Base64 is a binary-to-text encoding scheme defined in RFC 4648 that represents binary data as a string of ASCII characters. It uses a 64-character alphabet (A-Z, a-z, 0-9, +, /) and padding with '='. Base64 is used in email attachments (MIME), data URIs in HTML/CSS, JSON Web Tokens (JWT), and HTTP Basic Authentication. The URL-safe variant replaces '+' with '-' and '/' with '_' to avoid encoding issues in URLs.
What is Base64 Encoding?
Base64 is a binary-to-text encoding scheme that converts binary data into a string of 64 printable ASCII characters: A-Z, a-z, 0-9, +, and /, plus = for padding. It was originally designed to transmit binary data over protocols that only support text, like SMTP (email) or early HTTP.

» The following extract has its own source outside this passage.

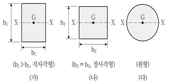 그림과 같은 단면적이 동일한 3개의 단면에 대하여 도심축(X축)에 대한 단면2차모멘트의 크기 순서로 옳게 표현된 것은?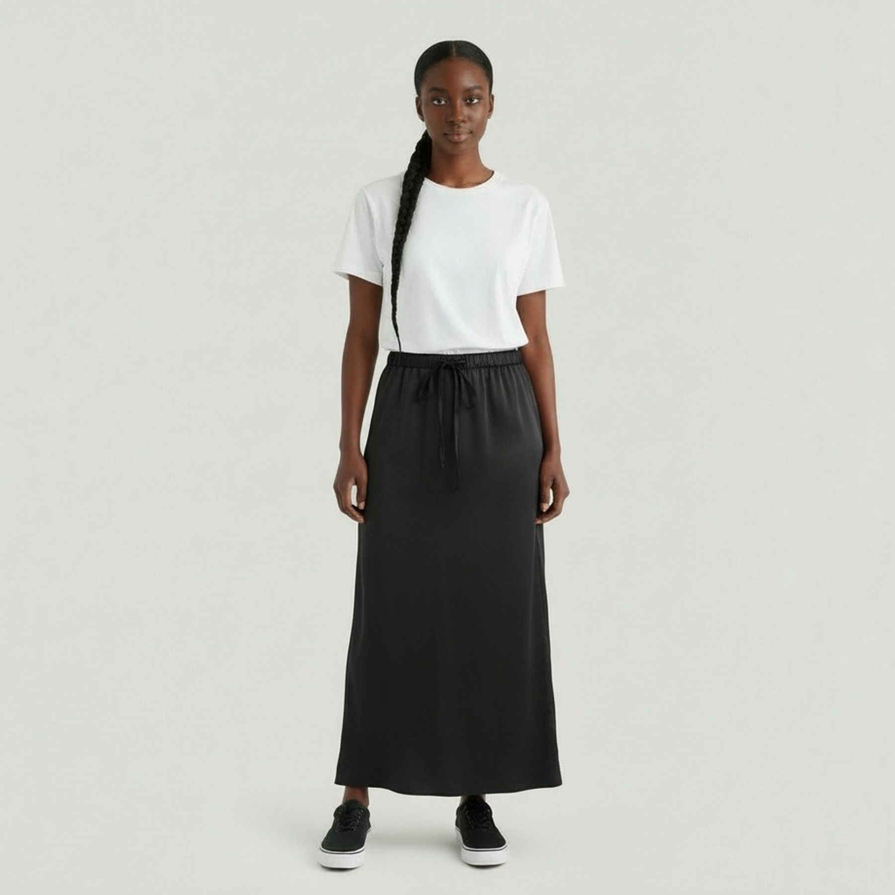 Economia de R$ 64,00A saia midi feminina confeccionada em cetim é ideal para quem valoriza um visual moderno e sofisticado. O tecido plano de poliéster confere um toque macio e acabamento refinado, enquanto o cós elástico proporciona maior praticidade. Versátil, a peça preta combina facilmente com diversas produções, tornando-se indispensável para o guarda-roupa da mulher jovem.

The encoding works by taking groups of 3 bytes (24 bits) and splitting them into 4 groups of 6 bits. Each 6-bit group maps to one of the 64 characters. If the input length isn't a multiple of 3, padding (=) is added to the output.
When should you use Base64 encoding?
Base64 is the right tool when you need to embed binary data in a text-only context:
- Data URIs — embed small images directly in HTML or CSS
- Email attachments — MIME encoding uses Base64 to attach files to emails
- JWT tokens — the header and payload of a JSON Web Token are Base64url-encoded
- HTTP Basic Auth — credentials are sent as a Base64-encoded
username:passwordstring - API payloads — binary data (files, images) sent inside JSON bodies
Base64 is not encryption. It's trivially reversible. Never use it to hide secrets or sensitive data.

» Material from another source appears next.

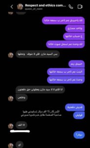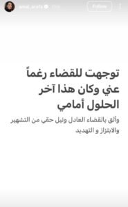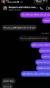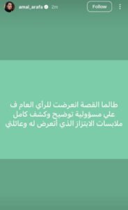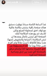 ونشرت أمل عرفة عبر خاصية “الستوريز” الرسائل التي وجّهت لابنتها، والتي تحمل الكثير من عبارات التهديد والابتزاز، وهو ما أجبرها على الردّ بقوة لحماية ابنتها والدفاع عنها، وأظهرت محادثة مع ابنتها الطرف الآخر وهو يطالبها بمبلغ 15 ألف دولار مقابل ألاّ تشوّه الصفحة سمعتها، وقد حرصت أمل عرفة على عرض اسم الصفحة بوضوح أمام الرأي عام.

What is the difference between URL-safe and standard Base64?
Standard Base64 uses + and / as two of its 64 characters, and = for padding. These characters have special meaning in URLs and filenames, which can cause issues when embedding Base64 in query strings, URL fragments, or file paths.
URL-safe Base64 (defined in RFC 4648 §5) solves this by replacing + with -, / with _, and omitting trailing = padding. This variant is used by JWT, many APIs, and anywhere Base64 appears in a URL context.